Die Registrierungskampagne findet in mehreren Lagern für Binnenvertriebene in Benue statt, einer Region, die stark von Konflikten zwischen Bauern und Hirten sowie von Überschwemmungen betroffen ist. Viele der Vertriebenen haben ihre Häuser und Dokumente verloren, was die Registrierung erschwert. Die INEC hat spezielle Teams entsandt, um die Registrierung vor Ort durchzuführen und bürokratische Hürden abzubauen. TAF Africa unterstützt die Aktion durch Aufklärungsarbeit und logistische Hilfe.

Die Initiative ist Teil eines größeren Bemühens, die Wahlbeteiligung in marginalisierten Gemeinschaften zu erhöhen. In der Vergangenheit wurden IDPs oft von Wahlen ausgeschlossen, da sie keine festen Wohnsitze oder Ausweise vorweisen konnten. Die neue Kampagne soll diese Lücke schließen und das Vertrauen in den Wahlprozess stärken. Beobachter sehen darin einen wichtigen Schritt zur Sicherung der Demokratie in Nigeria.

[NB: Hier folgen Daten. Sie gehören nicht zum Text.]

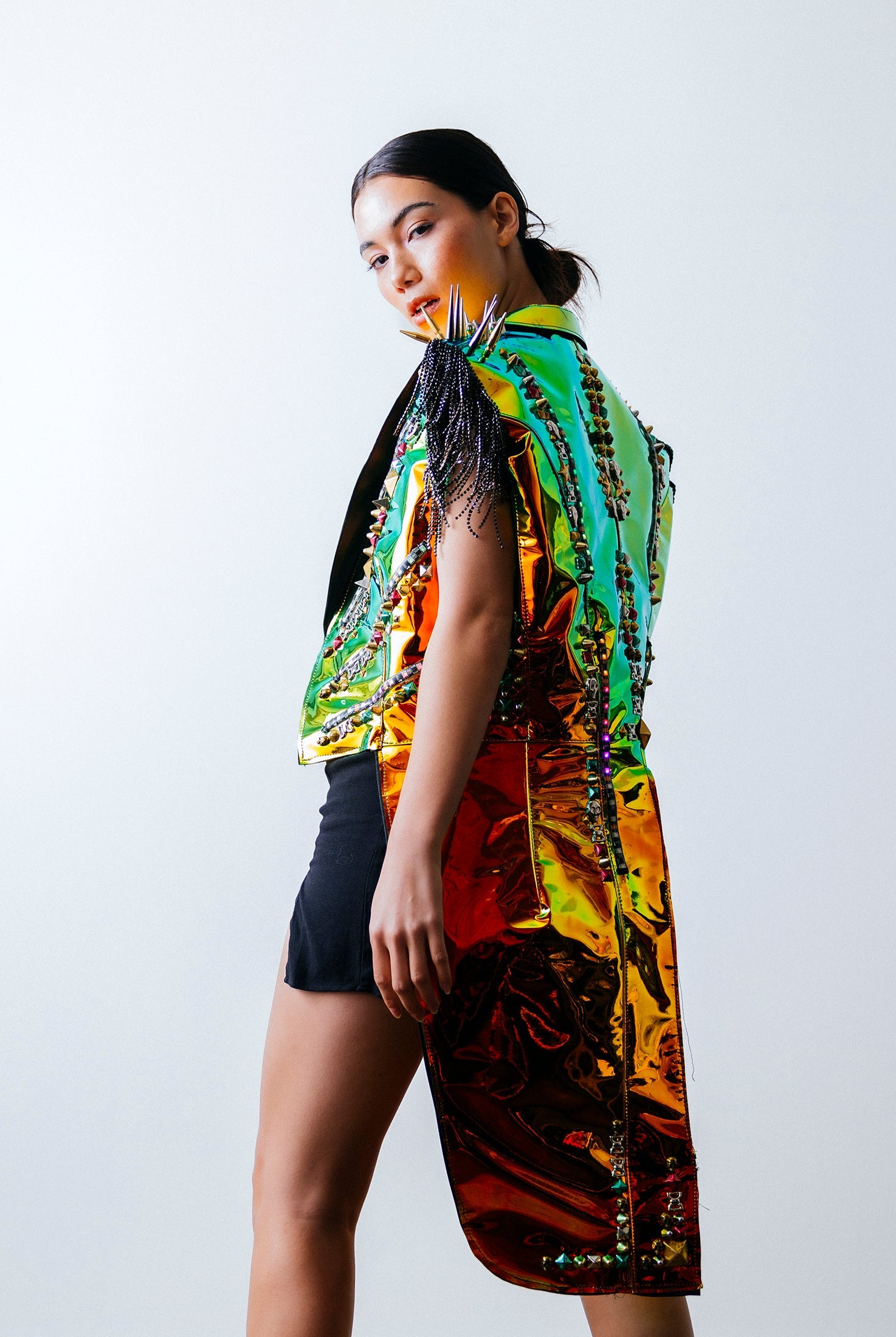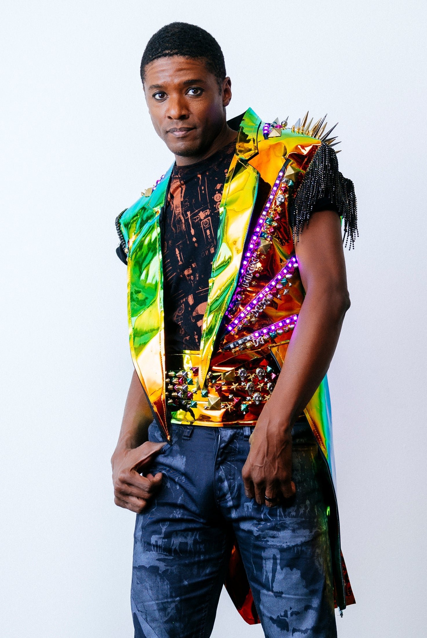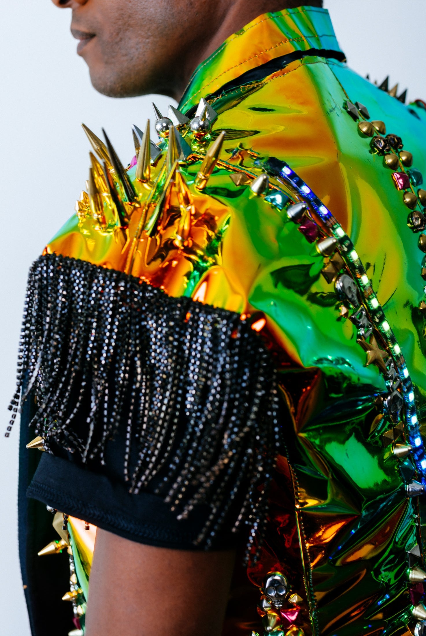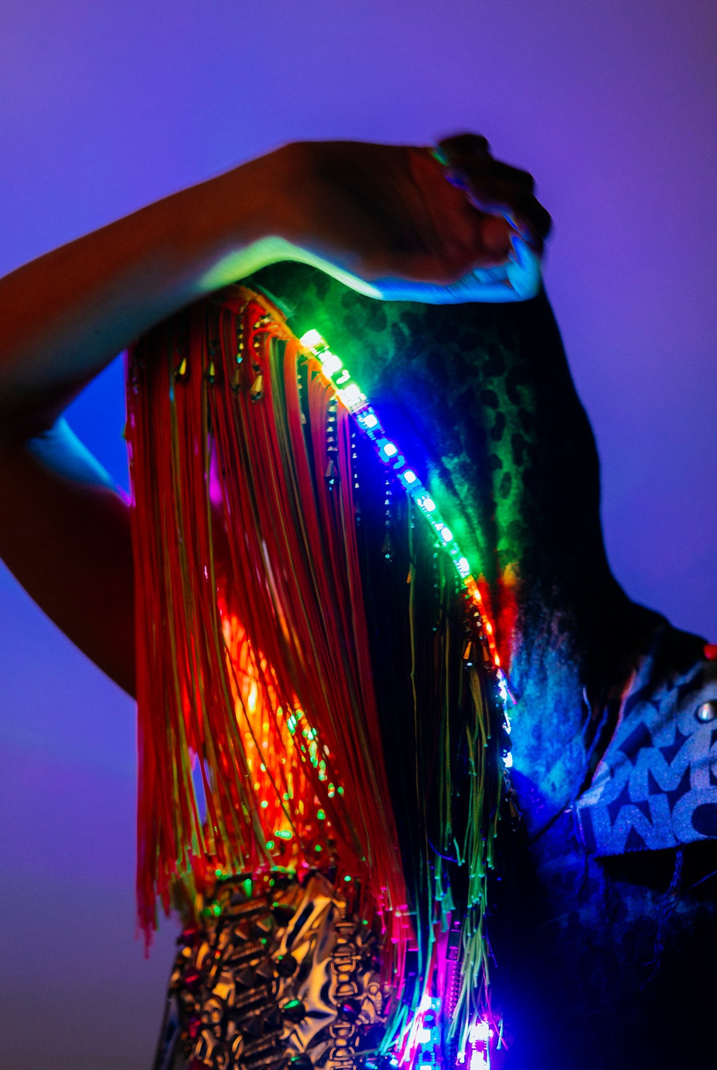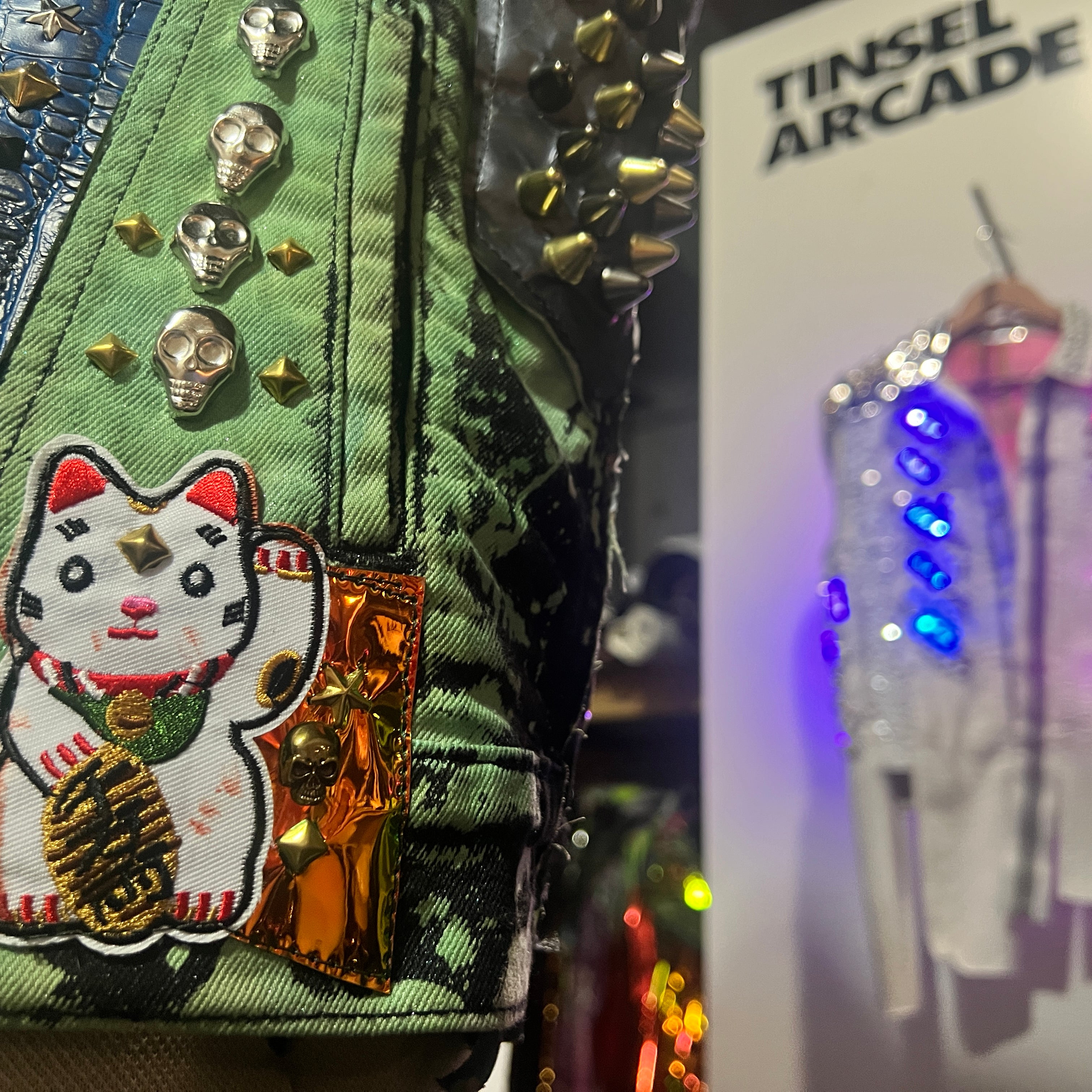 In the Tinsel Arcade, we blend street, formal, and post-modern elements to conjure one-of-a-kind garments by hand. Each is meticulously tailored to be equally dramatic and wearable. With your input, your bespoke garment will reflect you, push you, extend you, and complete you. If more is never enough, you can add LED and reflective overlays with stealth and nonstop modes.

Die Registrierung wird von vielen IDPs begrüßt, die hoffen, endlich ihre Stimme abgeben zu können. Einige äußerten jedoch Bedenken hinsichtlich der Sicherheit und der langfristigen Umsetzung. Die INEC versicherte, dass alle notwendigen Maßnahmen ergriffen würden, um einen reibungslosen Ablauf zu gewährleisten. Die Aktion läuft noch bis Ende des Monats.

Experten loben die Zusammenarbeit zwischen INEC und zivilgesellschaftlichen Organisationen als Modell für andere Regionen. Sie betonen, dass die Einbeziehung von IDPs in den Wahlprozess nicht nur rechtlich geboten, sondern auch für die Stabilität des Landes entscheidend ist. Die kommenden Wahlen in Nigeria werden zeigen, ob diese Bemühungen Früchte tragen.